I believe many guys think, partly from viewing fantasy television, that being a manwhore is nothing but thrills and pleasure, with no bearing of bad consequences. Oftentimes it isn’t! You play, you (and your family) pay, and that’s how it’s gone for a few womanizers I know. I don’t speak of payments in money solely.
Besides, although there is a biological drive for sex, do we really want so much of our time and attention focused on it? The act of sex certainly doesn’t take long, but being cooped up meeting, attracting, and “hanging out” is extremely time consuming.
Why is this your default viewpoint to everything you don’t agree with? It clearly always must be user error right? rather than what I observe in my day to day.
It is a rarity to find an older woman that is of stable mind and body, and not absolutely ripping their husband to pieces.
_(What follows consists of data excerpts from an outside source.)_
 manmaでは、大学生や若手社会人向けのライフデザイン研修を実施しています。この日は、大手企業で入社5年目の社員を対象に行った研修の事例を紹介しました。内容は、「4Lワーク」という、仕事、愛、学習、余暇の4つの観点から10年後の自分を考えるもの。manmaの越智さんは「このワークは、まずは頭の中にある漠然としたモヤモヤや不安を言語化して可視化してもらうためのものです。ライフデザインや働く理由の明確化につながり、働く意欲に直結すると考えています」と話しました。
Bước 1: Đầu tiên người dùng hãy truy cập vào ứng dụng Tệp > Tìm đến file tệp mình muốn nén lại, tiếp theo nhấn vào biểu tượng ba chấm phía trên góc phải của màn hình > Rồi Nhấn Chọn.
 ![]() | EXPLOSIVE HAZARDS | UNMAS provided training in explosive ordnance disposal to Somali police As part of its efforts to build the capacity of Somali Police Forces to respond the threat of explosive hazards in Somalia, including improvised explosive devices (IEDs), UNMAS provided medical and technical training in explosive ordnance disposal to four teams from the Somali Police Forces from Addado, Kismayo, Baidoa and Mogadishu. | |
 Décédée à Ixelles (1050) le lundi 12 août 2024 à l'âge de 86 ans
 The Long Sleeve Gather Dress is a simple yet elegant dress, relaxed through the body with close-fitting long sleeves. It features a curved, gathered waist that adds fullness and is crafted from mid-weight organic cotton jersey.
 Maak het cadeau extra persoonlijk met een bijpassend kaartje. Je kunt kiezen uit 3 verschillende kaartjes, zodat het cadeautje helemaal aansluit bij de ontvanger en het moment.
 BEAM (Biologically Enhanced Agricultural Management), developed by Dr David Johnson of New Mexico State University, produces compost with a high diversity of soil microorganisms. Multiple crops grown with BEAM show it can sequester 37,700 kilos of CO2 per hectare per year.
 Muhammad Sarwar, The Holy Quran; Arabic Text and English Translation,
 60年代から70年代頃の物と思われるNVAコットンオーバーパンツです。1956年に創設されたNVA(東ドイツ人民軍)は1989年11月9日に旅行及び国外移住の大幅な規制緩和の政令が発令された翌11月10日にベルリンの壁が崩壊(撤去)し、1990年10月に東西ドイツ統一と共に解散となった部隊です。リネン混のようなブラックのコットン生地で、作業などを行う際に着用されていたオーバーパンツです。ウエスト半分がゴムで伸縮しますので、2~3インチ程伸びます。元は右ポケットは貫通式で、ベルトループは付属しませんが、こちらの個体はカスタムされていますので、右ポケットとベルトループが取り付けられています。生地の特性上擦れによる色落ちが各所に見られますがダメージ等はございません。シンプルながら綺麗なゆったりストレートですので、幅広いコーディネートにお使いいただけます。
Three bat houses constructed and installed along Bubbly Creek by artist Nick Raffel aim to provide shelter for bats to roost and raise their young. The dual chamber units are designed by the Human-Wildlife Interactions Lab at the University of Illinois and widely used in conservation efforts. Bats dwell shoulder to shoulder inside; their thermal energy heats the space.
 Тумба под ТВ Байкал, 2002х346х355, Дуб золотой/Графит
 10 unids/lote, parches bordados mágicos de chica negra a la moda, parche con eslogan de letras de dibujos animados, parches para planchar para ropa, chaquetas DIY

I have known men, currently talking to someone this week, that their wife is going absolute bat shit . I assume she’s hitting menopause, or at least that is what he thinks is happening even though she’s denying it.
This man is a fucking saint, so much so I’m shocked he doesn’t walk on water. And he deals with this unbalanced woman day in and day out.
Outside of alcoholics or drug addicts I have never seen a woman complain that her man is totally insane, or an emotional wreck but the reverse?? all the time.
So if you and @ouroboro_s are wickedly cool older women that still enjoy sex then bravo. Maybe it has something to do with staying fit and working out a lot and believe me I’ll take note of that.
And so the bait is set. What will the troll catch in his trap?
Note: Best read in a David Attenborough voice, but he was too expensive for my budget
Please forgive my microaggression, bro.
You mean why is what she observes in her day to day her response to you telling us what you observe in your day to day? What’s good for the goose is good for the gander my man…
Nah bruh, you just surround yourself with miserable people. Birds of a feather and all of that…Did you have stop to think maybe YOU have an extremely sheltered/myopic view of the world and you suffer (immensely) from availability bias? Nah, that couldn’t POSSIBLY be it. You possibly can’t be your own problem…sorry
Biblicly, we can tell (nttawwt - unless you’re Lot)
a guy … didn’t we talk about this? Also, supports my theory you suffer from:
a.) surrounding yourself with equally miserable cunts
b.) availability bias
get out of the world you know man…dip your toe into a different pool so to speak.
your word is pretty flimsy around here bud … hate to break to ya. Who you think of is a saint may not be so to others … so there’s also that - I know it’s difficult for your feeble mind to consider things outside of your present observation and they exist independent of you…but it’s true!! Google it.
There may be hope for you after all…call me an optimist.
Yeah, I dunno. Am I that sheltered? Could it be? could it be that on multiple continents, across different languages and cultures , I am still presented with what seems to be a universal truth - that women are normally not very logical, function on the basis of emotion, and tend to default to miserableness when they do not continue to get what they want?
It is something I should think about.
Well said.
that’s the crux my man. You’re not just presented with “a universal truth”. We’re all people from various backgrounds saying what you are seeing is not all there is. It may not even be as prevalent as you’ve presented it.
That’s all I’ve been trying to get across to you. That what you see is not all there is. Maybe we’re just speaking past each other…
Maybe I’m not as optimistic as I think - but I doubt you will…
You ever meet a guy that says “Yeah, I smack that bitch back into place when she needs it.” or “Sure, she had aspirations and ambition. But I turned her ass into house cleaning baby maker!”.
Of course you haven’t. But they’re out there. And they’re the good guys. The ones that didn’t do anything to deserve what they get.